Said differently, a linear system of congruences which has no solution always has a linear combination of those congruences which is equivalent to $0 =k \bmod q$ for $k \not \equiv 0$
- If not, is there some sort of analogous certificate of having no solutions for mod $q$, where $q$ is not a prime or a power of a prime?
Thank you very much for the help
OK, so let $A$ be a $m\times n$ matrix with coefficients in $\mathbb{Z}/q\mathbb{Z}$.
Take any $m\times n$ matrix $M$ with coefficients in $\mathbb{Z}$ such that $A=M \mod q$.
Reducing to a Smith normal form gives you an equality $UMV=R$, where $U\in GL_m(\mathbb{Z})$ and $V\in GL_n(\mathbb{Z})$ and $R$ is a $m\times n$ matrix with coefficients in $\mathbb{Z}$, and which has the form $\pmatrix{D & 0 \cr 0 & 0}$, where $D=\pmatrix{d_1 & & \cr & \ddots & d_r}$, where $d_1\mid \cdots \mid d_r$ (and $d_i>0$).
$R$ is called the Smith normal form of $M$ and you can find $U,R,V$ explicitely (you have lot of explanations on the web).
In particular, note that $U,V$ both have determinant $\pm 1$, so they are still invertible when reducing mod $q$.
All in all, your linear system is $URVx=b \mod q$, that is $Ru=U^{-1} b \mod q$, where $y=Vx$. Since $V$ is invertible mod $q$, your linear system will have a solution mod q if and only if the linear system $Ry=V^{-1} b$ has a solution.
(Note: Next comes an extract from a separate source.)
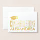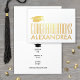 Congratulate the graduate in style with this elegant real foil graduation greeting card. All text is simple to customize. The black, white and gold foil design features modern minimalist typography, personalized name, and greeting inside that reads "DREAM big SPARKLE more SHINE bright CONGRATULATIONS." This card is a stylish and chic way to celebrate the graduate's success and accomplishment. For a unique finishing touch, sign interior with a metallic gold pen.

Now it boils down to a system of the form $d_iy_i =c_i \mod q$, where $c_i$ is the ith coordinate of $V^{-1 }b$.
Conclusion: you are reduced to study an equation of the form $dy=c \mod q$.
We may possibly have $d=0$ (because some of the $d_i's$ may be divisible by $q$, or you could have $r<n$ , or both), but what follows is valid in any situation.
Set $g=gcd (q,d)$.
I claim that this has a solution if and only if $g\mid c$. Indeed $c=dy-kq$ for some $k$, which is a multiple of $g$, so the condition is necessary.
Conversely if $g\mid c$, write $c=gc'$, $d=gd'$ and $q=g q'$. Then your equation is equivalent to $d'y=c' \mod q'$, which has a solution because $d'$ and $q'$ are croprime, so $d'$ is invertible mod $q'$.
Final remark: you probably do not need the Smith normal form. You have slightly different standard forms which are computable using only row operations, but the final result is neat enough and you do not have to think about anything once you are reduced to a "diagonal" system.